What Happens In Youngstown Won’t Stay In Youngstown

We’ve told you how more than 1,000 newspapers across the country have closed in the past decade.

We’ve also told you how despite the fact that a Harvard researcher predicts half of newspapers that survived will last less than another decade, 71% of news consumers think the media business is healthy.

There’s a big disconnect between perception and reality when it comes to the future of media outlets, even while we’re still near the top of an economic cycle and when trustworthy information seems to be in demand.

If nothing else we have written about these trends has gotten your attention, this should – a community with a metro population of more than a half-million is about to lose its only daily newspaper.

That’s right, about 60 days from now, it’s not just that it won’t have as many beat reporters, like virtually every other news outlet in the country. It’s not just that it will have fewer pages or more content online.
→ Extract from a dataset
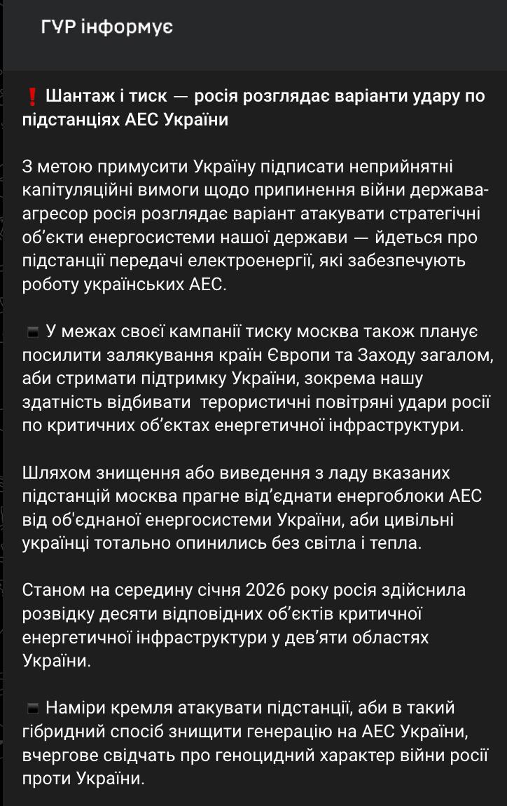 "Шляхом знищення або виведення з ладу зазначених підстанцій Москва прагне від'єднати енергоблоки АЕС від об'єднаної енергосистеми України, щоб українці повністю залишилися без світла і тепла. Станом на середину січня 2026 року Росія провела розвідку десяти відповідних об'єктів критичної енергетичної інфраструктури у дев'яти областях України”, – повідомляє ГУР.

It’s not just that it won’t accept the quantity of PR pitches that it did 10 years ago. It simply won’t exist.

The community is Youngstown, Ohio. The paper is the Vindicator, which just marked 150 years of continuous newsgathering.

This isn’t about Wall Street ownership. The paper was locally owned. This is about a business model that has been changed forever with nothing viable to replace it ready in time to save this outlet.

If you’re cheering this news as comeuppance for the media because of some sort of perceived pattern of coverage that doesn’t align with your worldview, be careful what you wish for. Who else will cover the stories that aren’t about party politics that drive a community forward? Sure, there are TV stations, but their resources are limited and they are likely only inclined to cover stories that “work” for the visual medium. There is no precedent for something like this and the consequences are unknown.

If you think the market forces that drove the Vindicator to this point aren’t at work wherever you live, you’re wrong. Media organizations don’t like to share their own financial news with their audiences but you can be certain that similar factors are at work.

If you’re in PR and haven’t adapted to the new realities, still working media lists like it’s 1999 while outlets – not just jobs, but outlets themselves are being lost –  you’re also being “disrupted” before your very eyes.